Per tablet: Mirtazapine 15 mg or 30 mg.
Excipients/Inactive Ingredients: Lactose hydrate, Corn starch, Hydroxypropylcellulose, Colloidal silicon dioxide, Magnesium stearate, Purified water.
15 mg: Opadry-Yellow (04F620003).
30 mg: Opadry-Orange (04F23084).
Mirzentac tablets are indicated in adults for the treatment of episodes of major depression.
Adult: The effective daily dose is usually between 15 and 45 mg; the starting dose is 15 or 30 mg. Mirtazapine begins to exert its effect in general after 1-2 weeks of treatment. Treatment with an adequate dose should result in a positive response within 2-4 weeks. With an insufficient response, the dose can be increased up to the maximum dose. If there is no response within a further 2-4 weeks, then treatment should be stopped.
Patients with depression should be treated for a sufficient period of at least 6 months to ensure that they are free from symptoms.
It is recommended to discontinue treatment with mirtazapine gradually to avoid withdrawal symptoms (see Contraindications and Precautions).

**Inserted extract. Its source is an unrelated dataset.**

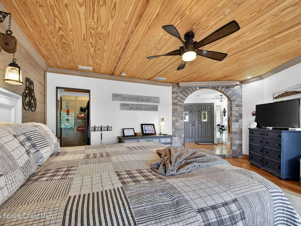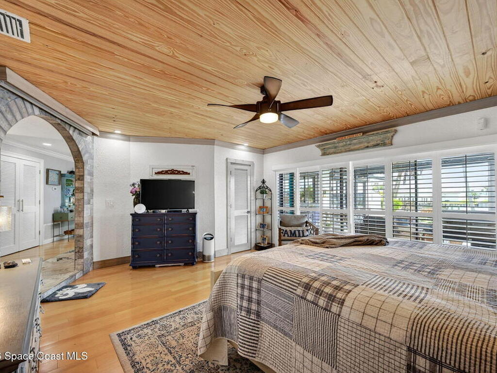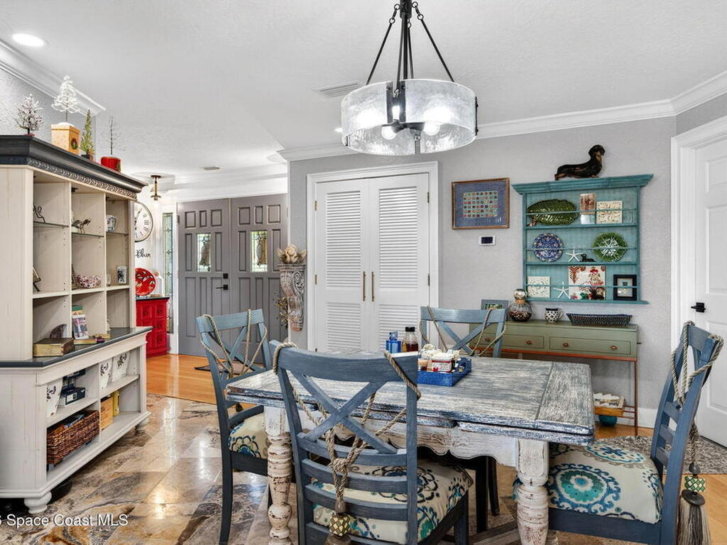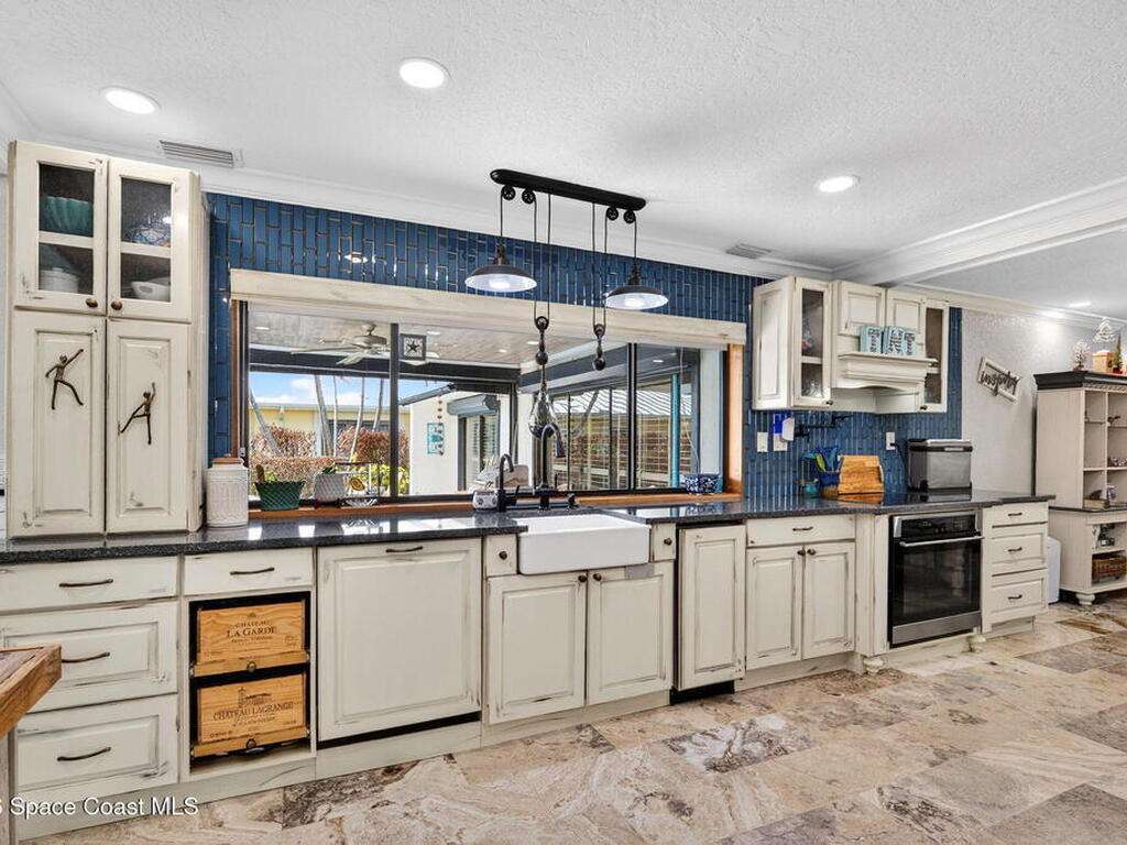 You will rarely have an opportunity to buy a home on this street in Cocoa Beach, FL. A popular area for walkers and bike riders, this property boast a large .43 acre lot, a boat lift, pool and even a place to park your RV, along with a 30amp power plug to keep things cool while you are packing! Property has undergone many upgrades and remodels since 2020. HVAC 2022, two tankless Water Heaters, Pool resurfaced, tiled and new skimmer, Exterior and Interior Paint, Updated Sprinker System, Remodeled kitchen with new Electric Cooktop, Drawer Microwave, Dishwasher, Backsplash glass tile, travertine flooring, countertops and refaced kitchen cabinetry. Remodeled Primary Bath, updated boat lift motor and much more! Must see this gem to feel the pride of ownership! The views of the Banana River are breathtaking. Situated on one of the largest canals in Cocoa Beach, See Dolphin, Manatee and Rocket Launches by just stepping outside.

Elderly: The recommended dose is the same as that for adults. In elderly patients, an increase in dosing should be done under close supervision to elicit a satisfactory and safe response.
Renal impairment: The clearance of mirtazapine may be decreased in patients with moderate to severe renal impairment (creatinine clearance <40 ml/min). This should be taken into account when prescribing mirtazapine to this category of patients (see Contraindications and Precautions).

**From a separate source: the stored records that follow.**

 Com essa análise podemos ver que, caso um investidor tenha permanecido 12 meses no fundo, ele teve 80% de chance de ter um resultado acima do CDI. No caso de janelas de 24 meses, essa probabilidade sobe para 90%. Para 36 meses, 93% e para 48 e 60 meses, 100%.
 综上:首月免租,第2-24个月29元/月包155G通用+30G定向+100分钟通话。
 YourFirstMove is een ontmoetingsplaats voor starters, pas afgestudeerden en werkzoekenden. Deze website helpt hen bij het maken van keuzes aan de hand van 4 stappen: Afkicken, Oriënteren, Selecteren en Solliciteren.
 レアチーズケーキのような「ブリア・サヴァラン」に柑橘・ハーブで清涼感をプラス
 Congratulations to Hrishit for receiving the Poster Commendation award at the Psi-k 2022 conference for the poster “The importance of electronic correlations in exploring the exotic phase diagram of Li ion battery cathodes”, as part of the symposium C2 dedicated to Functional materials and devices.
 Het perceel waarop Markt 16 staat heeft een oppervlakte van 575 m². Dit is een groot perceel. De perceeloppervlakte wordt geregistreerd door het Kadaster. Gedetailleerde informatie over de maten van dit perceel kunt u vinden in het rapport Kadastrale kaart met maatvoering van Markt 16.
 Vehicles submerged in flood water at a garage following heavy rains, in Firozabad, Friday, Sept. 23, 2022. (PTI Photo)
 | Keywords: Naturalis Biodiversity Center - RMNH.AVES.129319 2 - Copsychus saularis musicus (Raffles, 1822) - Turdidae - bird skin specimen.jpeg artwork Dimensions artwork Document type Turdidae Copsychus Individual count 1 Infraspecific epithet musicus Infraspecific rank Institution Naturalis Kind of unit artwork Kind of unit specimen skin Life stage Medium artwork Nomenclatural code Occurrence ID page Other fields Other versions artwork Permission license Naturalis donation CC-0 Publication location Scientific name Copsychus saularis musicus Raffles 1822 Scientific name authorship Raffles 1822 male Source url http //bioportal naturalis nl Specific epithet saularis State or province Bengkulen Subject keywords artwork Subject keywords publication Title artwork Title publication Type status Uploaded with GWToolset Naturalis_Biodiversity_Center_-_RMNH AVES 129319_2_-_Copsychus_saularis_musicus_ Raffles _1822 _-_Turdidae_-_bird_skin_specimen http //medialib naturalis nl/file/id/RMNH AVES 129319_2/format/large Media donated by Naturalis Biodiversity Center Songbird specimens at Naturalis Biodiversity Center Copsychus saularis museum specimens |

Hepatic impairment: The clearance of mirtazapine may be decreased in patients with hepatic impairment. This should be taken into account when prescribing mirtazapine to this category of patients, particularly with severe hepatic impairment, as patients with severe hepatic impairment have not been investigated.
Paediatric population: Mirtazapine should not be used in children and adolescents under the age of 18 years as efficacy was not demonstrated in two short-term clinical trials and because of safety concerns.

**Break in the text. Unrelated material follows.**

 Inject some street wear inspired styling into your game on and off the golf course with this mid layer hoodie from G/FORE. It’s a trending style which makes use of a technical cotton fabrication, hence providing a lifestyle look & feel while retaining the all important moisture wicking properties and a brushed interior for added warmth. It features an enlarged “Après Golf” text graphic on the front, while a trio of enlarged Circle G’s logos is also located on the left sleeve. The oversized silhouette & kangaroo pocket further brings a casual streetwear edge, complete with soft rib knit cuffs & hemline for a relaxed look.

Method of administration: Mirtazapine has an elimination half-life of 20-40 hours and therefore mirtazapine is suitable for once daily administration. It should be taken preferably as a single night-time dose before going to bed. Mirtazapine may also be given in two divided doses (once in the morning and once at night-time, the higher dose should be taken at night).
The tablets should be taken orally, with fluid, and swallowed without chewing.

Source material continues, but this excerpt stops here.